Data block:
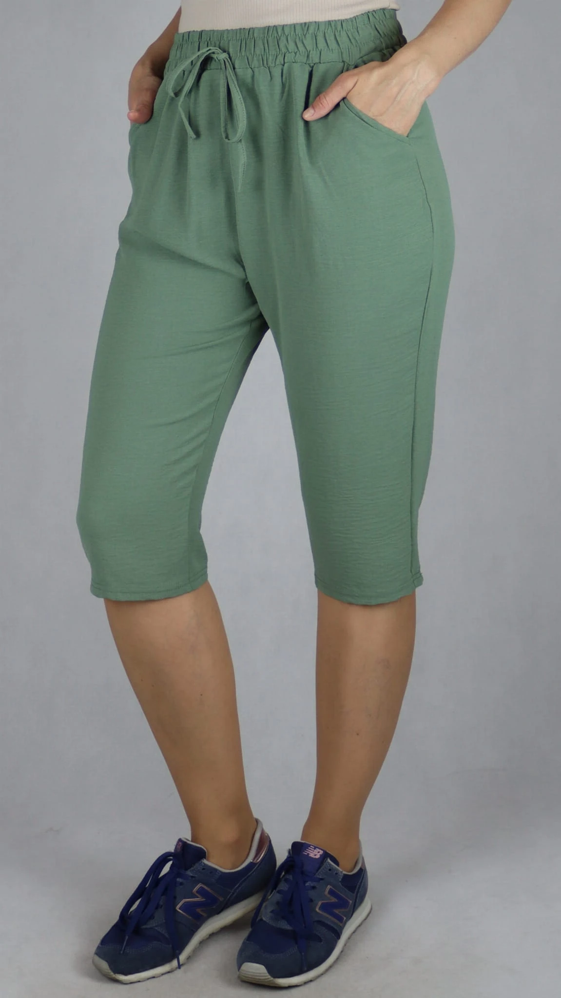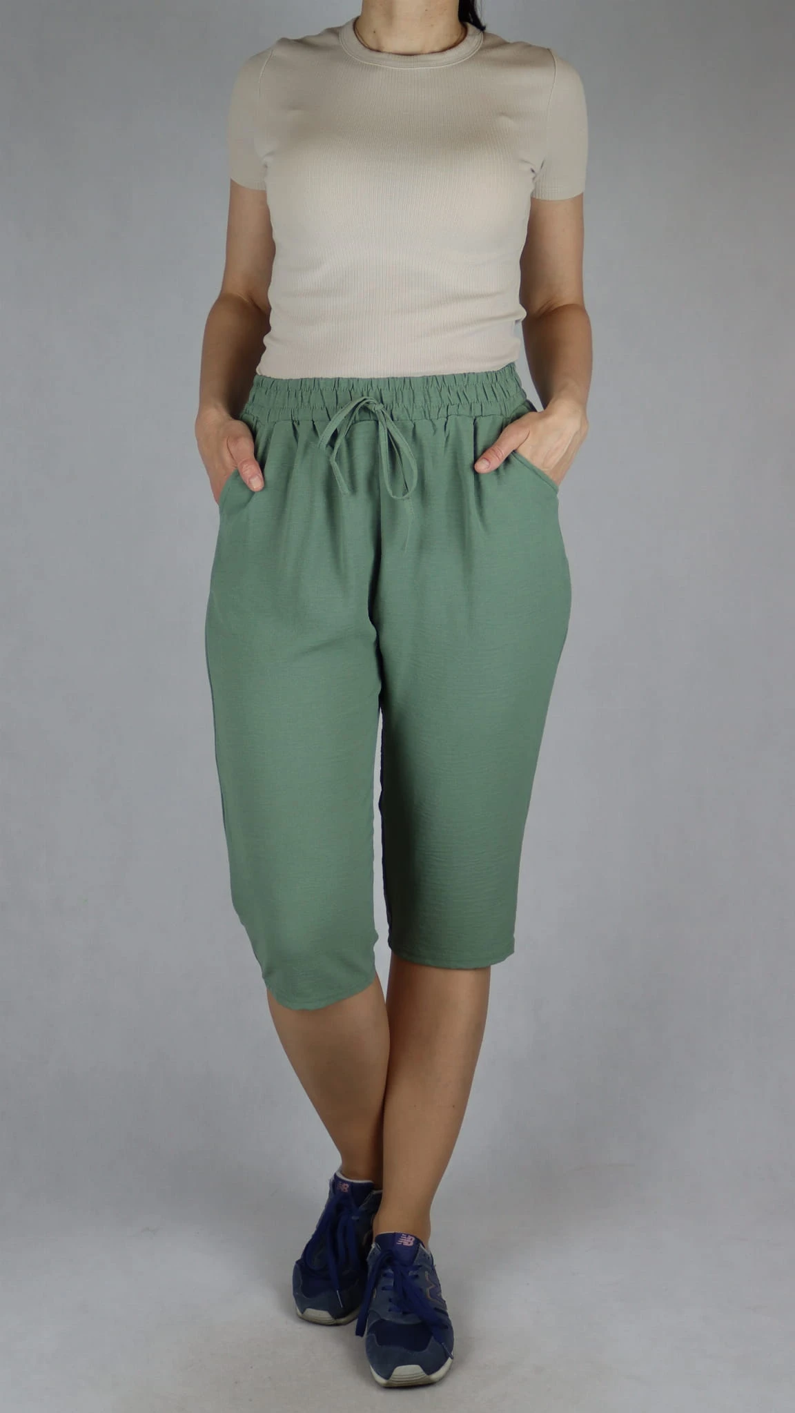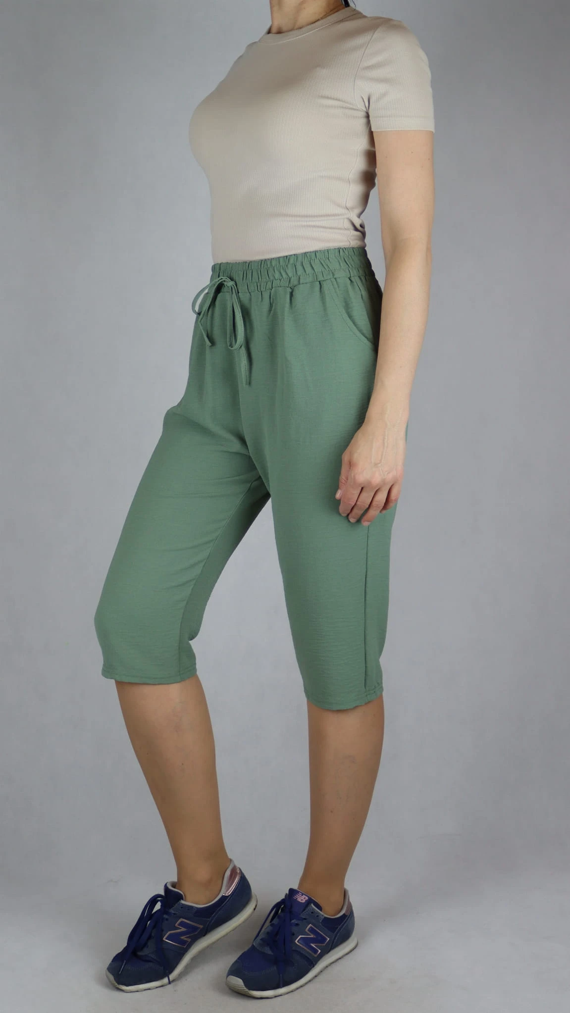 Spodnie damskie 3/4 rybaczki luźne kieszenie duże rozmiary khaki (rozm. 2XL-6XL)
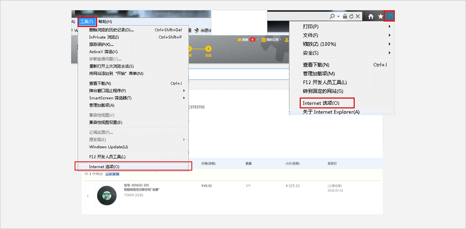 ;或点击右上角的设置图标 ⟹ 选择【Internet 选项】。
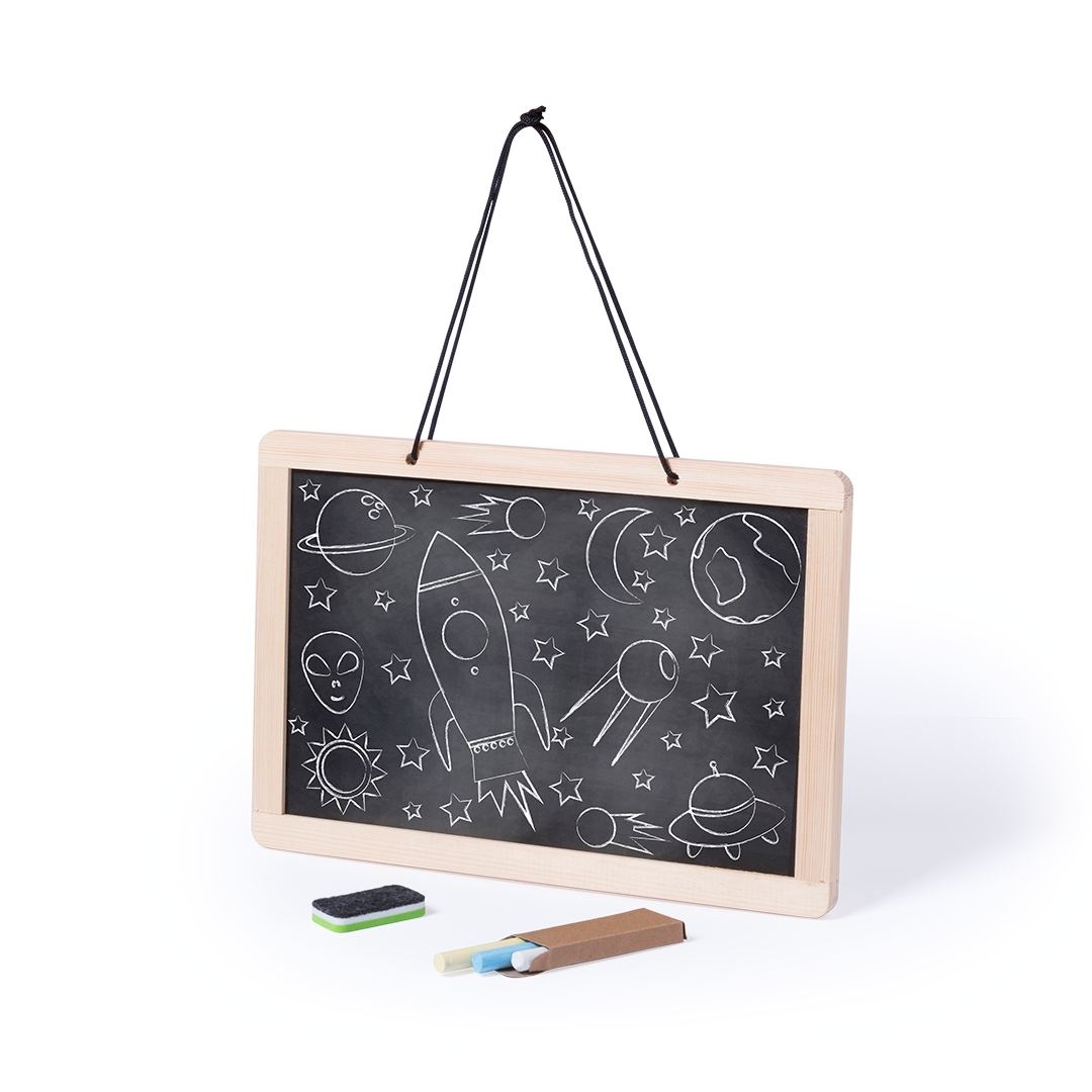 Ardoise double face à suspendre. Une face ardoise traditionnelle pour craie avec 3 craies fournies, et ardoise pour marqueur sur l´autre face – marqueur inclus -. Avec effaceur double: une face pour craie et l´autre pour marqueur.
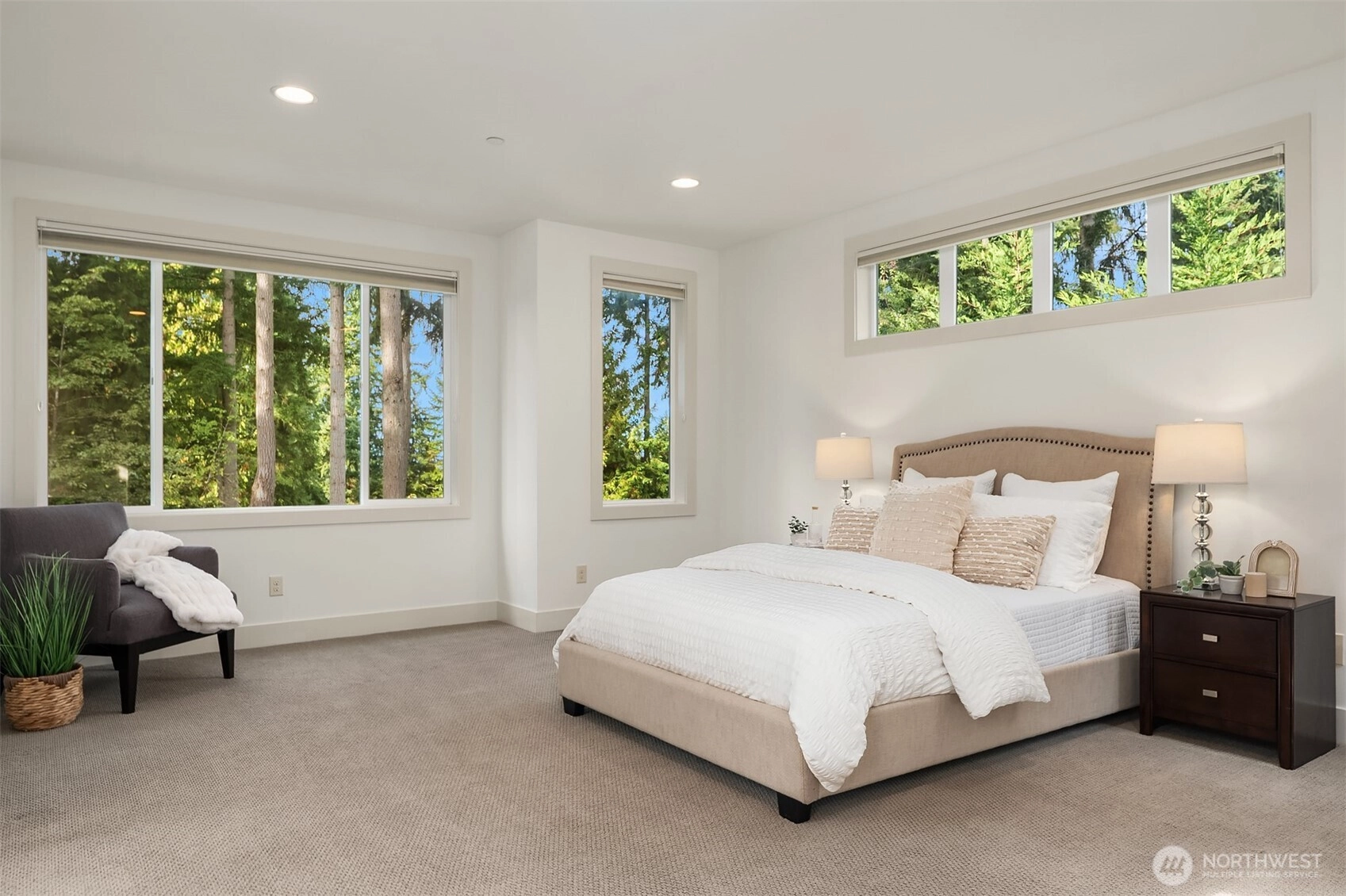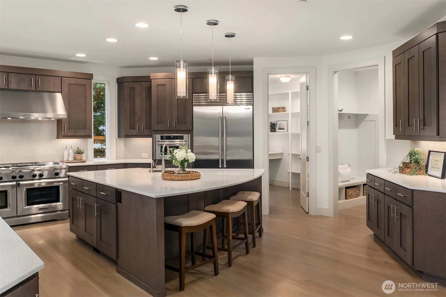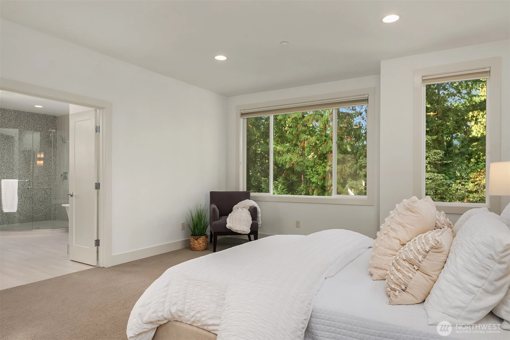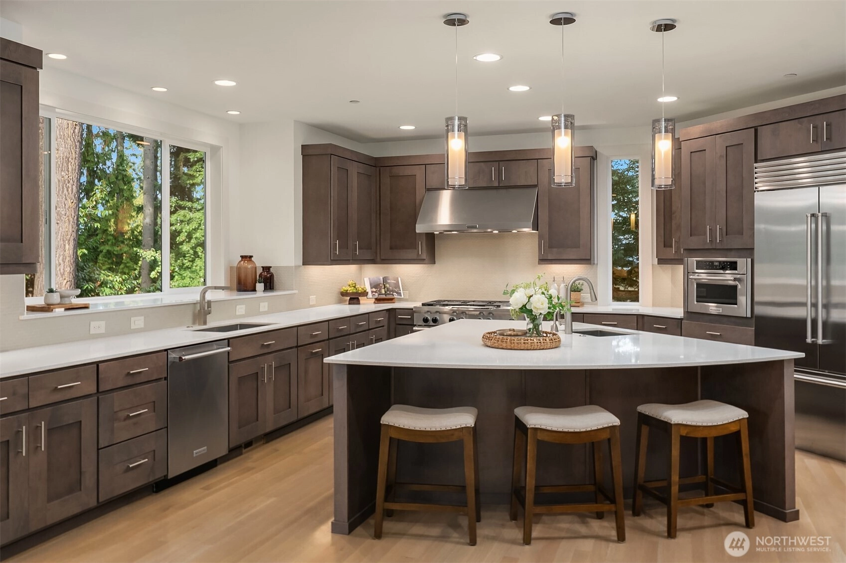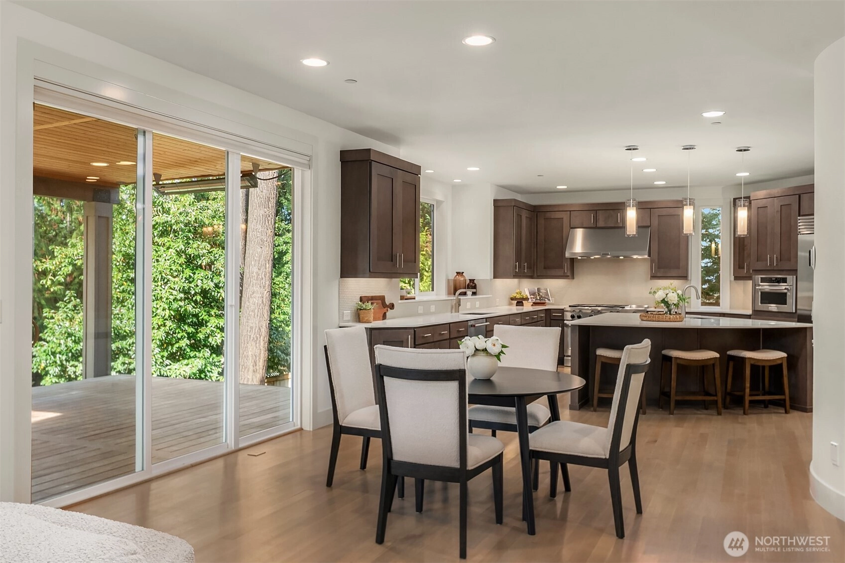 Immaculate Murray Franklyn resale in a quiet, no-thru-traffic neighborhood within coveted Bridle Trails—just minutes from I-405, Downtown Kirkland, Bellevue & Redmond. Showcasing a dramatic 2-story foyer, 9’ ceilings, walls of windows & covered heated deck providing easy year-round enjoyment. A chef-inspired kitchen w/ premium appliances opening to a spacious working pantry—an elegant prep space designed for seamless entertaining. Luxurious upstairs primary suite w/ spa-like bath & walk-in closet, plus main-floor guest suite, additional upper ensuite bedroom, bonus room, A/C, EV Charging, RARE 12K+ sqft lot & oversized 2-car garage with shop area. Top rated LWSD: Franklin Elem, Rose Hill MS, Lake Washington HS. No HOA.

Task requirements: The expected result is the complete listing above, printed exactly, with no pictures.

Output of the task:
 Spodnie damskie 3/4 rybaczki luźne kieszenie duże rozmiary khaki (rozm. 2XL-6XL)
 ;或点击右上角的设置图标 ⟹ 选择【Internet 选项】。
 Ardoise double face à suspendre. Une face ardoise traditionnelle pour craie avec 3 craies fournies, et ardoise pour marqueur sur l´autre face – marqueur inclus -. Avec effaceur double: une face pour craie et l´autre pour marqueur.
 Immaculate Murray Franklyn resale in a quiet, no-thru-traffic neighborhood within coveted Bridle Trails—just minutes from I-405, Downtown Kirkland, Bellevue & Redmond. Showcasing a dramatic 2-story foyer, 9’ ceilings, walls of windows & covered heated deck providing easy year-round enjoyment. A chef-inspired kitchen w/ premium appliances opening to a spacious working pantry—an elegant prep space designed for seamless entertaining. Luxurious upstairs primary suite w/ spa-like bath & walk-in closet, plus main-floor guest suite, additional upper ensuite bedroom, bonus room, A/C, EV Charging, RARE 12K+ sqft lot & oversized 2-car garage with shop area. Top rated LWSD: Franklin Elem, Rose Hill MS, Lake Washington HS. No HOA.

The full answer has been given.